Hillary Clinton on abortion ruling: ‘Women will die’
Former Secretary of State Hillary Clinton on Tuesday said she wasn’t surprised by the Supreme Court’s decision to overturn Roe v. Wade, saying “women will die” as a result of the decision and warning that the court’s conservative majority will continue to try to “turn back the clock” on other constitutional rights.
“There are so many things about it that are deeply distressing, but women are going to die, Gayle,” Clinton told “CBS Mornings” co-host Gayle King. “Women will die.”
The former presidential candidate called Friday’s decision the culmination of a 50-year campaign to pack the court with justices who would overturn the constitutional right to abortion.
When asked about recent comments from Sens. Joe Manchin (D-W.Va.) and Susan Collins (R-Maine), who said Justice Neil Gorsuch and Justice Brett Kavanaugh misled them on their positions on Roe during their confirmation hearings, Clinton pinned some of the blame on the two moderate senators.
“I think they were misled in part because they wanted to be misled,” Clinton said. “They either knew, or they were blind to what the history of the people before them. Anyone who is surprised by this is not paying attention. So, these people were selected for this purpose.”

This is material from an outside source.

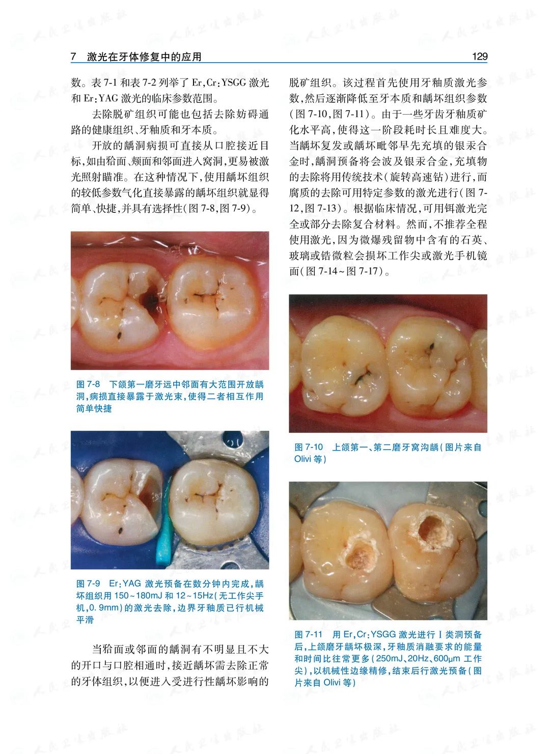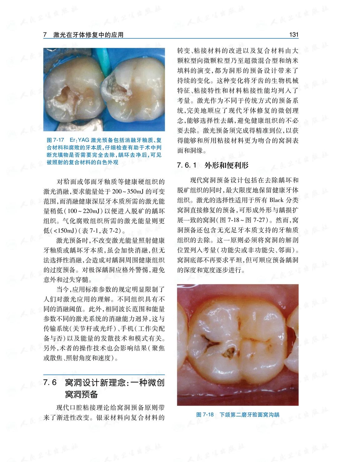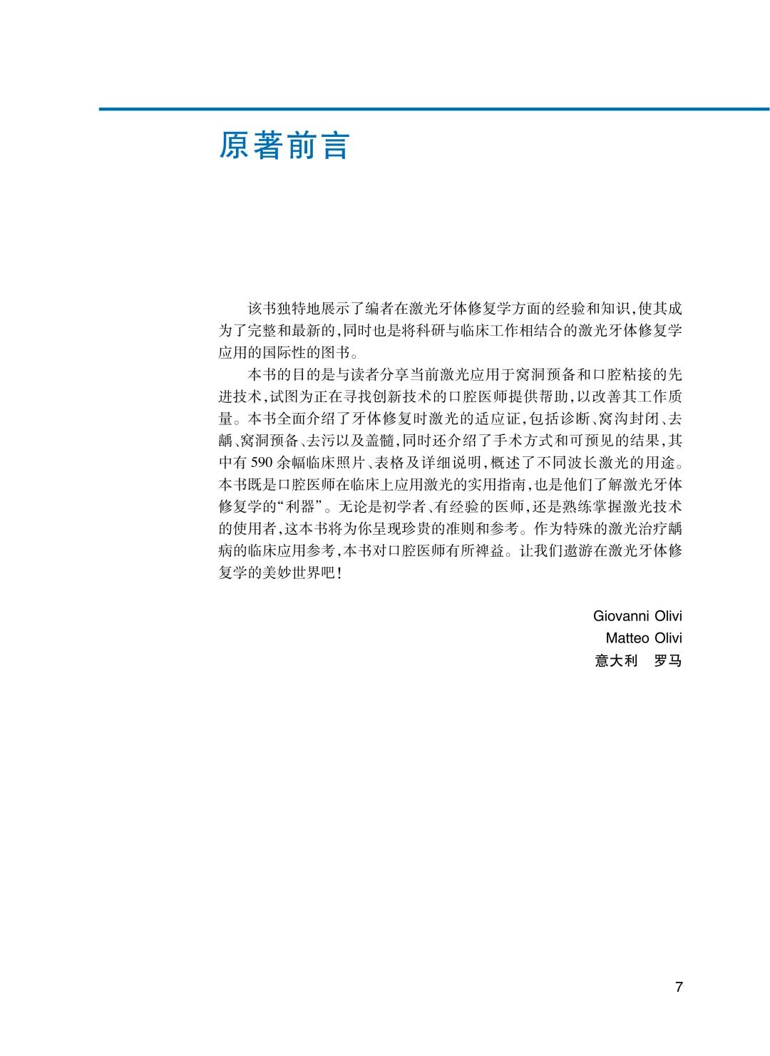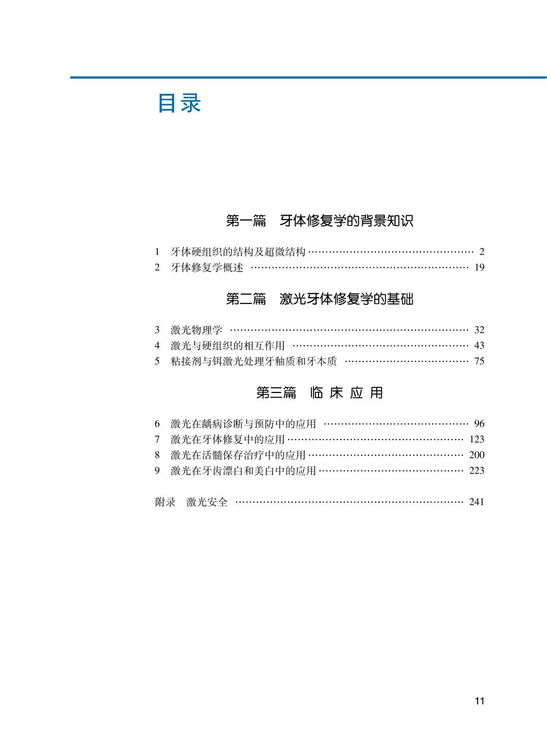 第三篇为临床应用,内容有激光在龋病诊断与预防中的应用、激光在牙体修复中的应用、激光在活髓保存治疗中的应用、激光在牙齿漂白和美白中的应用。在附录中,对激光临床应用的安全性进行了讨论。
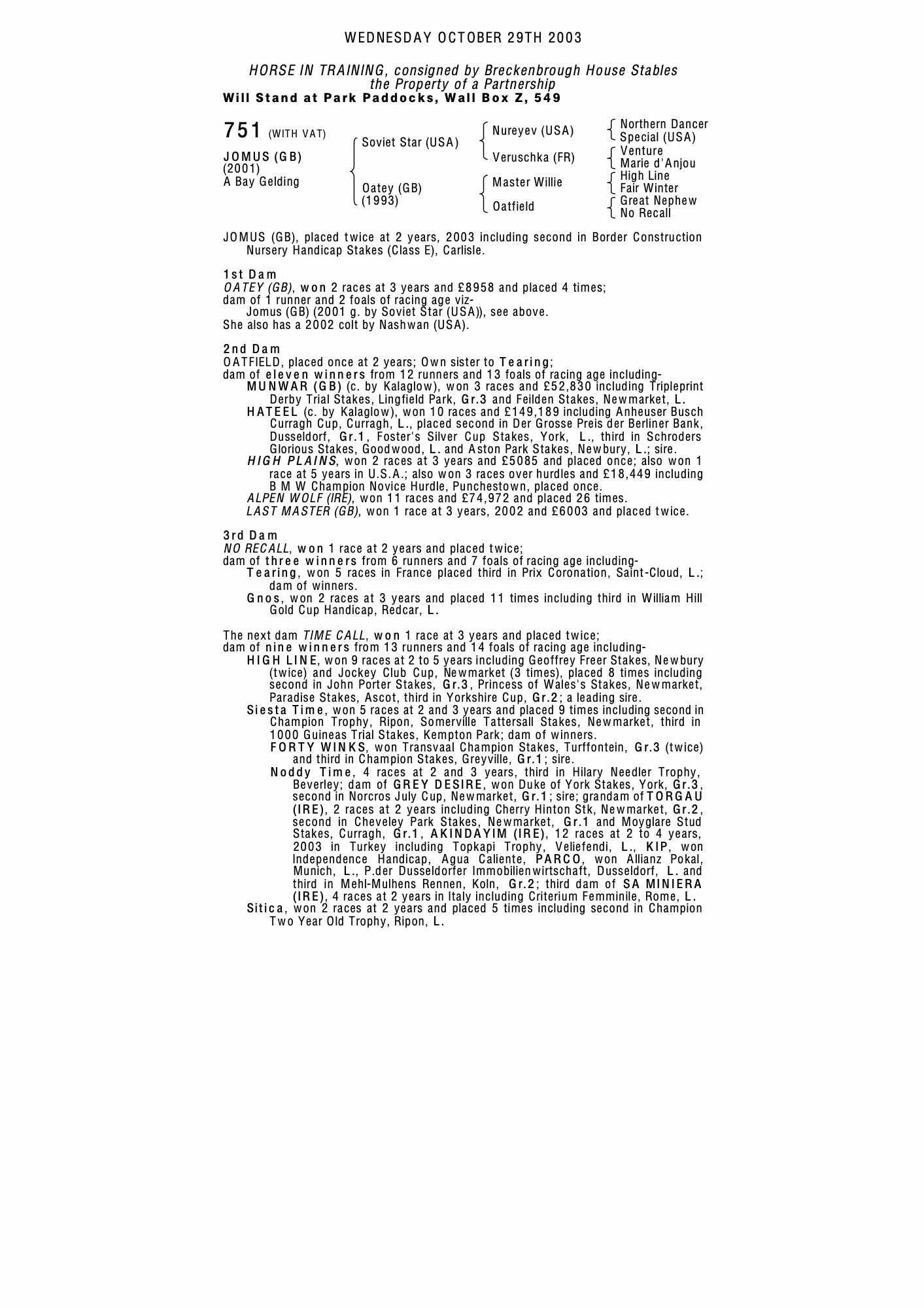 October Yearling Sale, Book 1 2003 lot 566 C. by Nashwan (USA) 2002, Voute Sales, Agent=>Andrew Balding 24,000 gns

Clinton also voiced support for eliminating the filibuster but argued that if lawmakers didn’t have the political support to lift it completely, they should do so for abortion legislation and other constitutional questions, like voting rights.
The former first lady also raised concerns about Justice Clarence Thomas’s concurring opinion, which stated the court should reconsider some of its other precedents based on the same substantive due process argument at the heart of Friday’s decision, like those protecting contraception access and same-sex marriage.
No other justice joined the concurring opinion, and Justice Samuel Alito wrote for the majority that Friday’s decision shouldn’t be taken to reflect doubt on those other precedents. But many Democrats, including Clinton, have cast doubts.
“Everybody understands that this is not necessarily the only effort that we’re going to see this court undertake to turn back the clock on civil rights and gay rights and women’s rights beyond abortion,” Clinton said on Tuesday. “This is going to, I hope, wake up a lot of Americans.”